Task instructions:
Taking the entries below, transcribe only the lines starting with the one with "ハンカチ 正方形24×24㎝ 【よろけ縞】" and going on through the one with "Luxury Water Ripple", exactly as written, without the pictures.

Available records:
/---

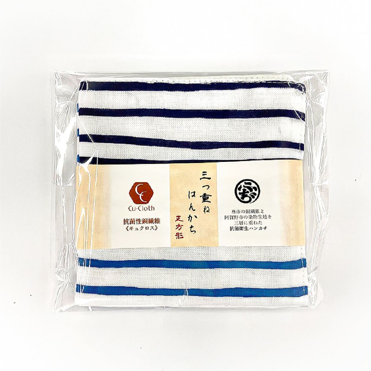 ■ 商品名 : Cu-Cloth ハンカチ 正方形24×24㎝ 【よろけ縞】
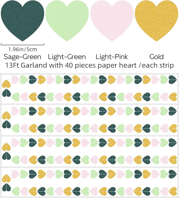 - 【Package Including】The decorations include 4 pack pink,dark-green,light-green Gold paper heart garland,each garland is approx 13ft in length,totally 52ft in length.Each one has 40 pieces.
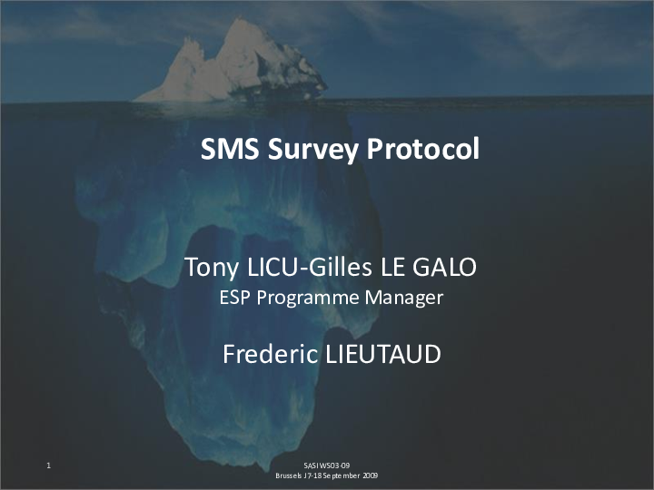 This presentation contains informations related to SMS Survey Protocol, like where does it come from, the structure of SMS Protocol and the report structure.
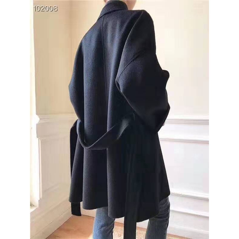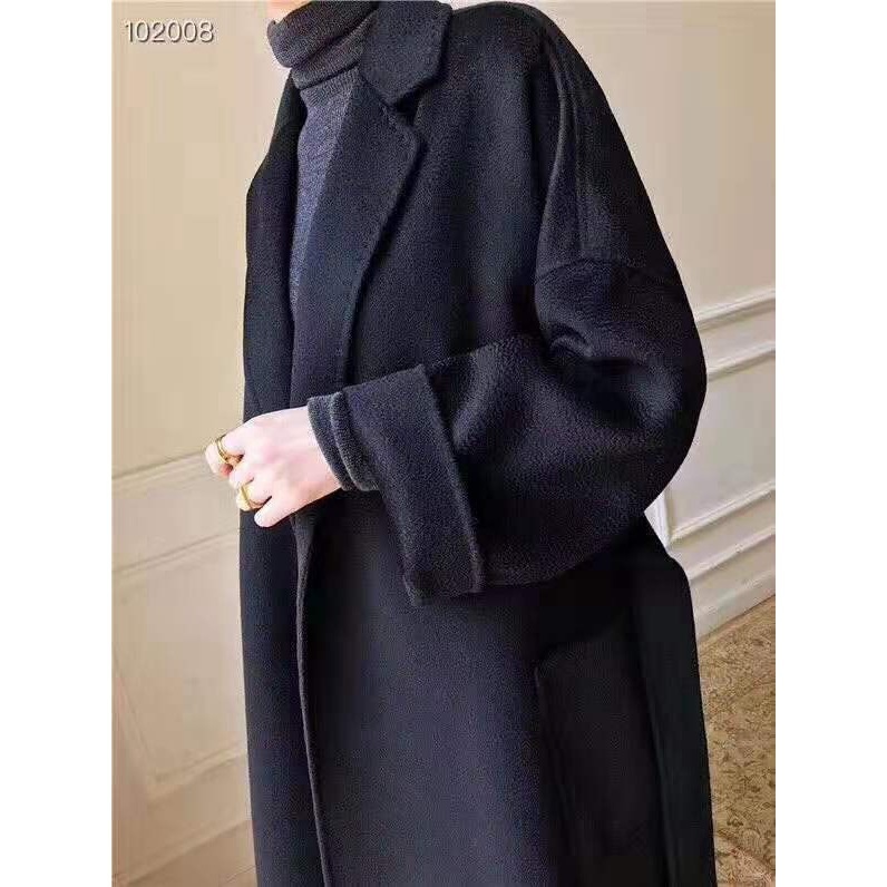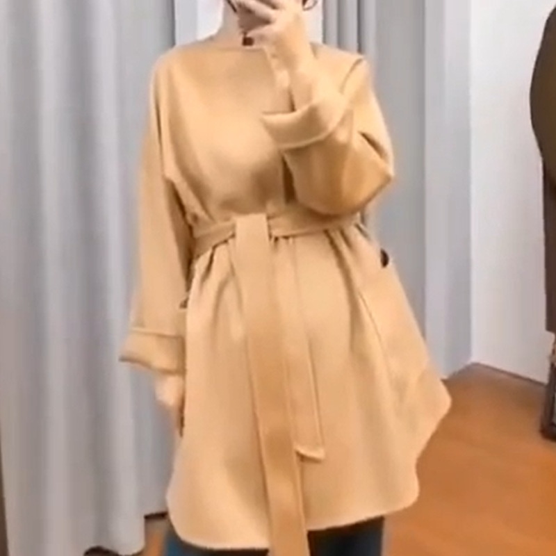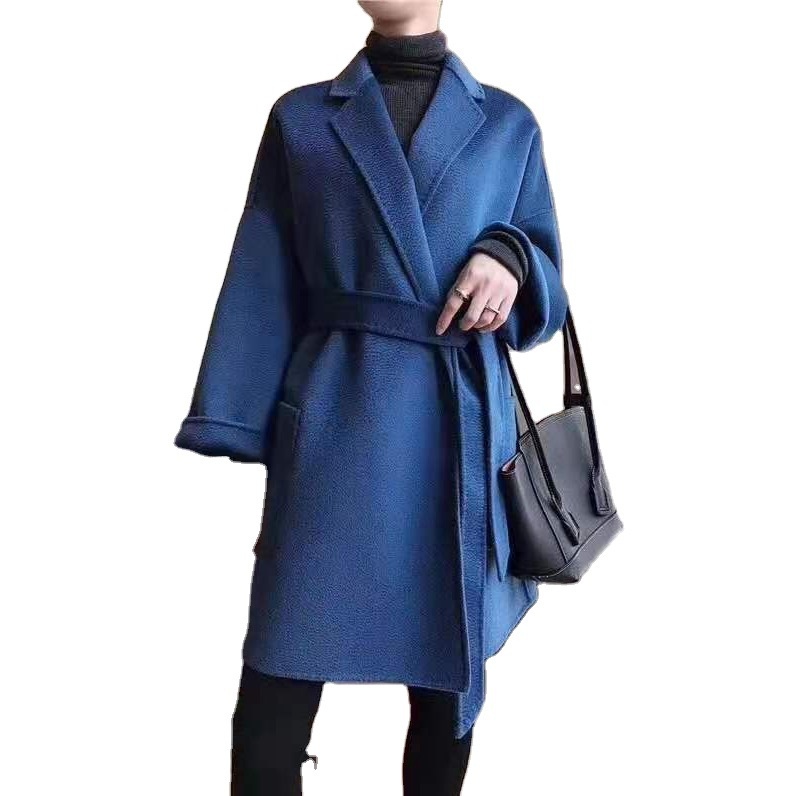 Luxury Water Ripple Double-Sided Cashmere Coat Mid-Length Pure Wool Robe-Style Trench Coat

\---
/---

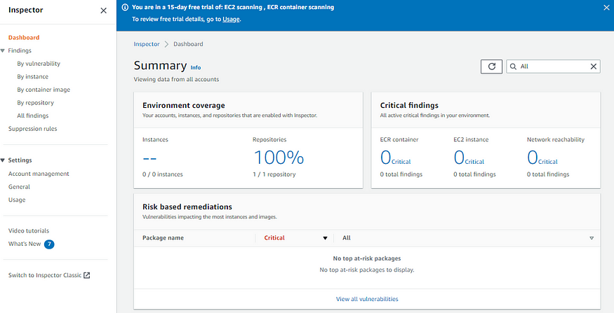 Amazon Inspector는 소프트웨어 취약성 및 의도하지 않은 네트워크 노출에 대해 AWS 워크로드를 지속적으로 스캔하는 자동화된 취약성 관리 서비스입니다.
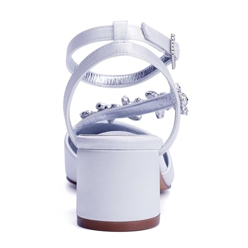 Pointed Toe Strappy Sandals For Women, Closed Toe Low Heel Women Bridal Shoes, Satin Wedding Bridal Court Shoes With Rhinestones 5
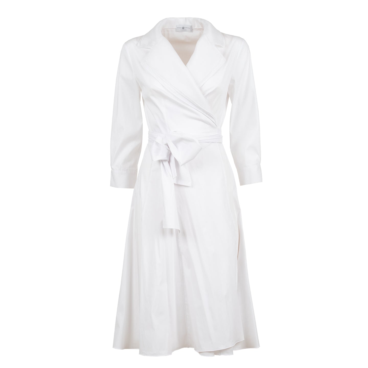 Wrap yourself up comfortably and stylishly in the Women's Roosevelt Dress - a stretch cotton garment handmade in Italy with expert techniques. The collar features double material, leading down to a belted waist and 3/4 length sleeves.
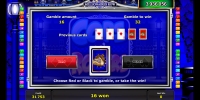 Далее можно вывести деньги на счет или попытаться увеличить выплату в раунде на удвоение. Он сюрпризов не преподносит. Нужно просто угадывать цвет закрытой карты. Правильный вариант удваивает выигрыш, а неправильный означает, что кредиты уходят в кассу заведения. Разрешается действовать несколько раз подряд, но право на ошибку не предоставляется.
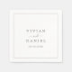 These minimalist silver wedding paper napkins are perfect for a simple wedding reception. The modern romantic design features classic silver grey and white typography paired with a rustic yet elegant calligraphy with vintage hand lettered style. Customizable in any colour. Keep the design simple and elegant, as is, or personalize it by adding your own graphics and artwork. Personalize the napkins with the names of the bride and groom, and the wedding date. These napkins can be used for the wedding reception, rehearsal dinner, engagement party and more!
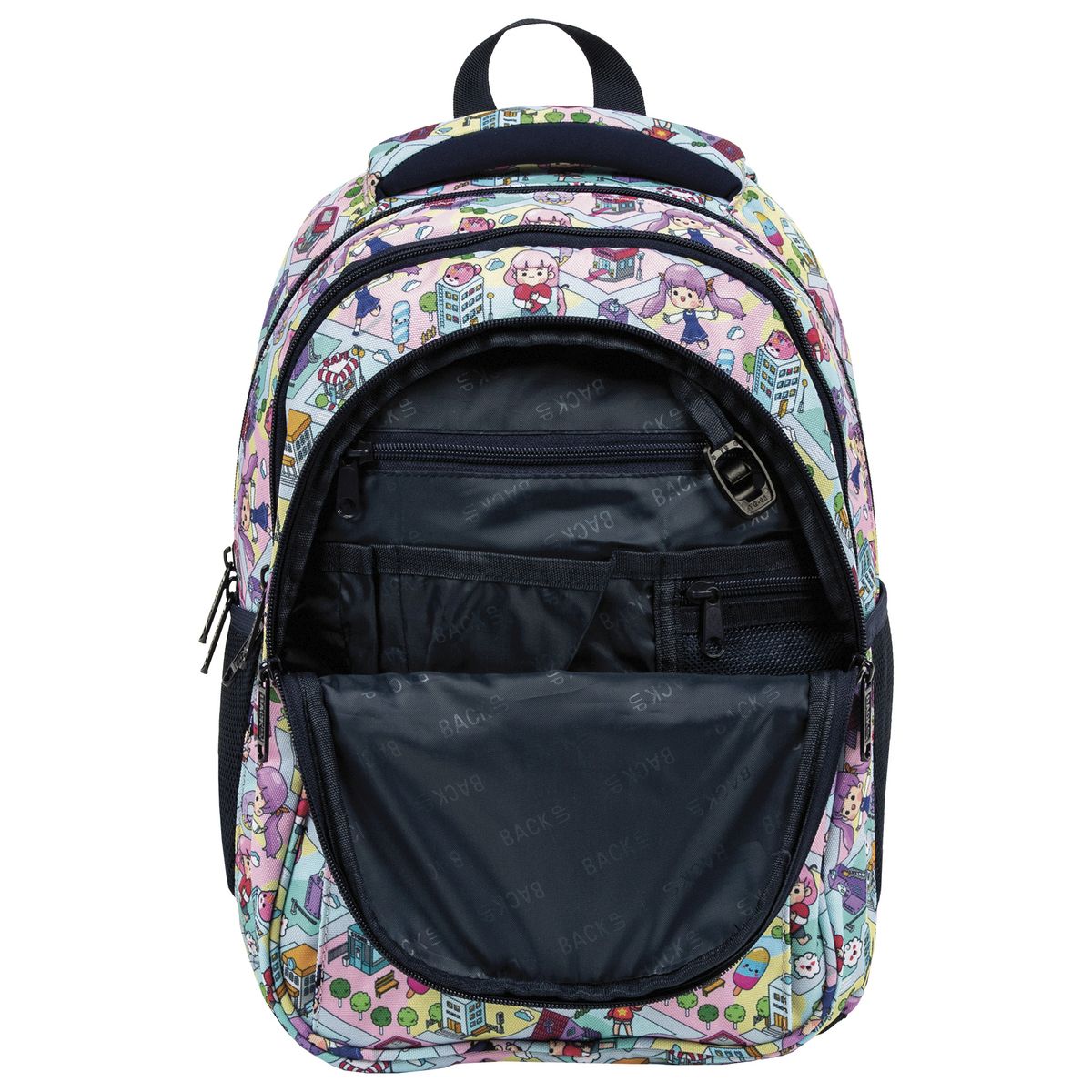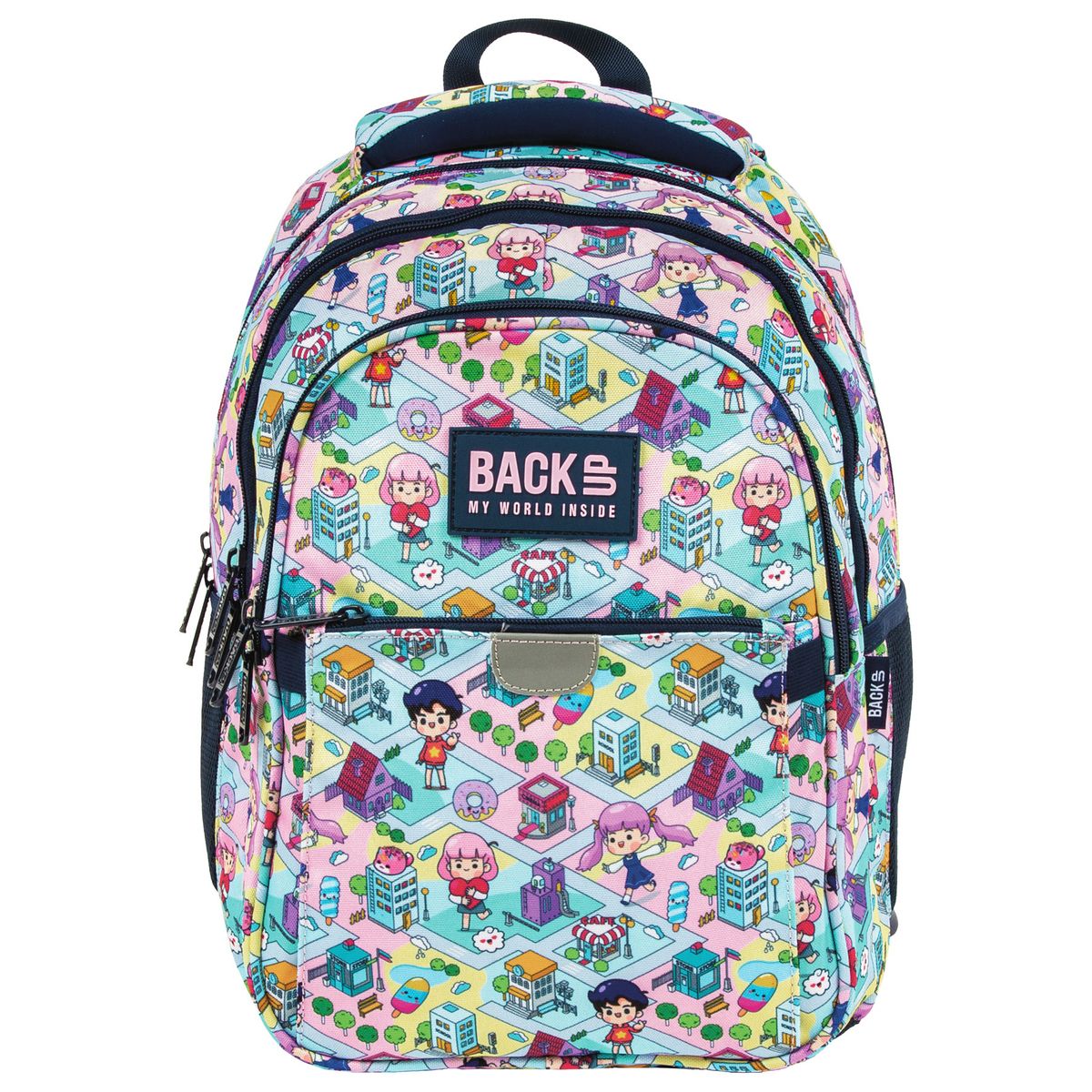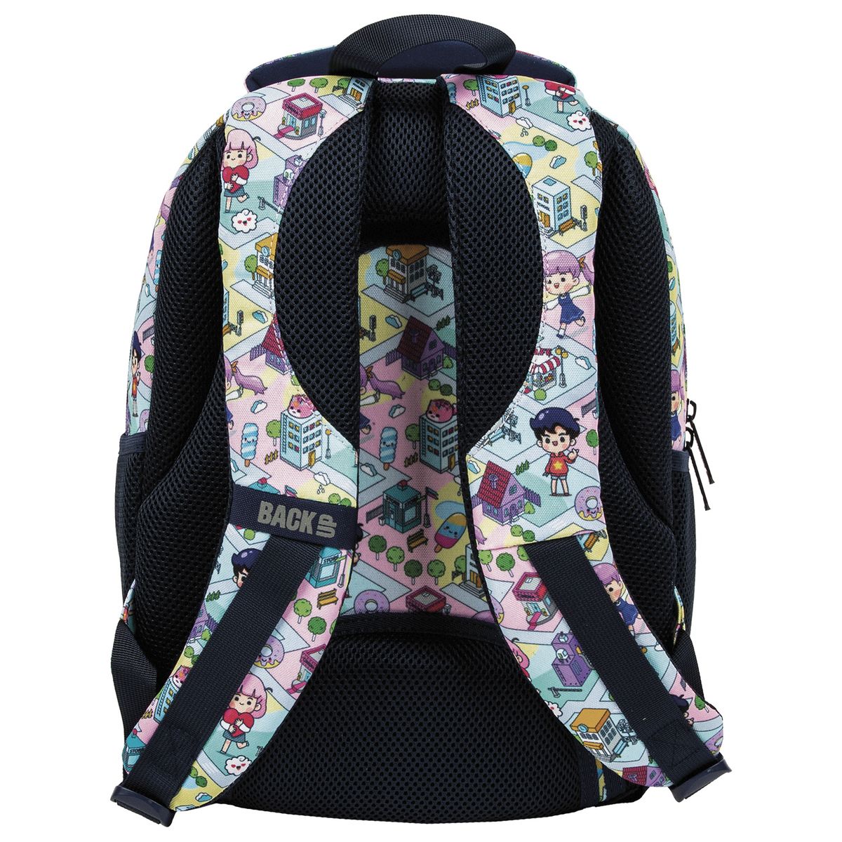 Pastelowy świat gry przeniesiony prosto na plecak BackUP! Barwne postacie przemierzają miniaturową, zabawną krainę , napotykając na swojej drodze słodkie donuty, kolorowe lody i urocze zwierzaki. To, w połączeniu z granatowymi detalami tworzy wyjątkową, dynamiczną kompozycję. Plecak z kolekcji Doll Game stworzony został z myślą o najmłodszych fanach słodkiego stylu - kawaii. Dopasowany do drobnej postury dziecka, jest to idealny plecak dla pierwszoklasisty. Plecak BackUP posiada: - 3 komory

\---
/---

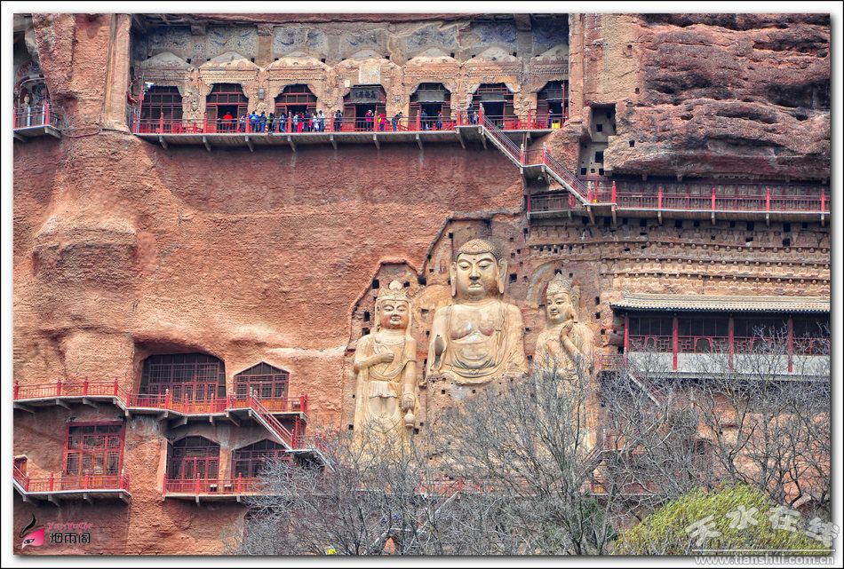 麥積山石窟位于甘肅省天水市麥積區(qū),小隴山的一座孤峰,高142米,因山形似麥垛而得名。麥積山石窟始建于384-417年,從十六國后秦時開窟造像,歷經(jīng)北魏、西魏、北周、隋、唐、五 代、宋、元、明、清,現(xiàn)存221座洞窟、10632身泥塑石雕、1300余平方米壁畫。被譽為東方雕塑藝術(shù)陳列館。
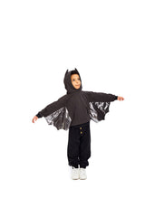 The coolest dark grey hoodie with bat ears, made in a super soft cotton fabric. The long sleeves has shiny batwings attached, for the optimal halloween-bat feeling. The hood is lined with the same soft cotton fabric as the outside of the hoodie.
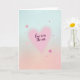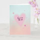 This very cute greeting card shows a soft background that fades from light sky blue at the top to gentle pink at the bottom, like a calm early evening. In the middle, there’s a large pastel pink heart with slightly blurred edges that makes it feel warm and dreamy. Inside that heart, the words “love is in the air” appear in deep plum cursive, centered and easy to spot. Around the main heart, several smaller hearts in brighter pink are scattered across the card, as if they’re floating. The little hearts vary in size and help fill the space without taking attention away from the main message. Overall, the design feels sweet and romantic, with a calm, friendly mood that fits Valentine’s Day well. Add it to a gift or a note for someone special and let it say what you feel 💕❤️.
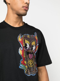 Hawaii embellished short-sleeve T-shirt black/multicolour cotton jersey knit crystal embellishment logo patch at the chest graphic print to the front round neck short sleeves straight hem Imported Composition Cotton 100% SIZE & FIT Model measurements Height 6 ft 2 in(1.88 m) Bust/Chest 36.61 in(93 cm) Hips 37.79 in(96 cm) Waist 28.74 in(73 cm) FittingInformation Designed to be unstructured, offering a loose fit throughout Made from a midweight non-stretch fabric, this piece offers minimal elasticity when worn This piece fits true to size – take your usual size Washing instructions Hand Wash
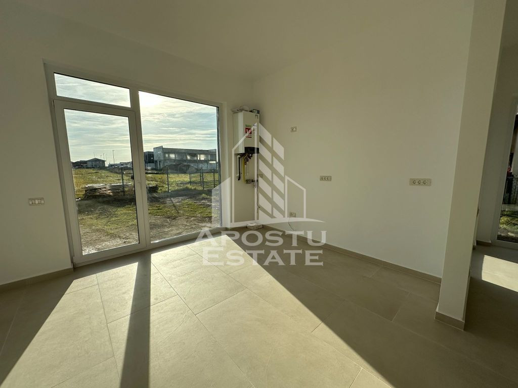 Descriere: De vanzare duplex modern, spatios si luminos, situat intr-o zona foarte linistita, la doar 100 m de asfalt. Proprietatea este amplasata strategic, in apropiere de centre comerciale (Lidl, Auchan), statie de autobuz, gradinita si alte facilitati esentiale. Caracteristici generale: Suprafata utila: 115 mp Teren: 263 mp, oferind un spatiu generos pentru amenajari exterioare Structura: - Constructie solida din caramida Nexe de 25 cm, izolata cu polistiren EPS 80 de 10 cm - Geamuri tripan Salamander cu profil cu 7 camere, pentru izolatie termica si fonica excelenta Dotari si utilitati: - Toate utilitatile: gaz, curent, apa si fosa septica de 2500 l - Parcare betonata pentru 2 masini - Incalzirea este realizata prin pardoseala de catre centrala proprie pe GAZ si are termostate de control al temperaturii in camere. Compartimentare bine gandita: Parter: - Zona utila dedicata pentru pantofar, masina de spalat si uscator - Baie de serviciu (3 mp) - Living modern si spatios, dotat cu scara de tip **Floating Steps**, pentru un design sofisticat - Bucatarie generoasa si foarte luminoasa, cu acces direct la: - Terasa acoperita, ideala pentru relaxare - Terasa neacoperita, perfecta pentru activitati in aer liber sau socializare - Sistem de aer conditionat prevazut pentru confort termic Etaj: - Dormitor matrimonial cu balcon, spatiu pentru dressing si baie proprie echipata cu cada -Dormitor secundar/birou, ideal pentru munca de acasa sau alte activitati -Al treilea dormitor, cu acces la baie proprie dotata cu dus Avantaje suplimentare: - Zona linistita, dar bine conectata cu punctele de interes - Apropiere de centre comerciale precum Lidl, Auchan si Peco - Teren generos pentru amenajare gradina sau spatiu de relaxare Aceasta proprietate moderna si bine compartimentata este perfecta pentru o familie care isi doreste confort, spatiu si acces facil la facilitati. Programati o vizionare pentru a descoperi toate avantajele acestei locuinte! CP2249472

\---

Exercise response:
 ■ 商品名 : Cu-Cloth ハンカチ 正方形24×24㎝ 【よろけ縞】
 - 【Package Including】The decorations include 4 pack pink,dark-green,light-green Gold paper heart garland,each garland is approx 13ft in length,totally 52ft in length.Each one has 40 pieces.
 This presentation contains informations related to SMS Survey Protocol, like where does it come from, the structure of SMS Protocol and the report structure.
 Luxury Water Ripple Double-Sided Cashmere Coat Mid-Length Pure Wool Robe-Style Trench Coat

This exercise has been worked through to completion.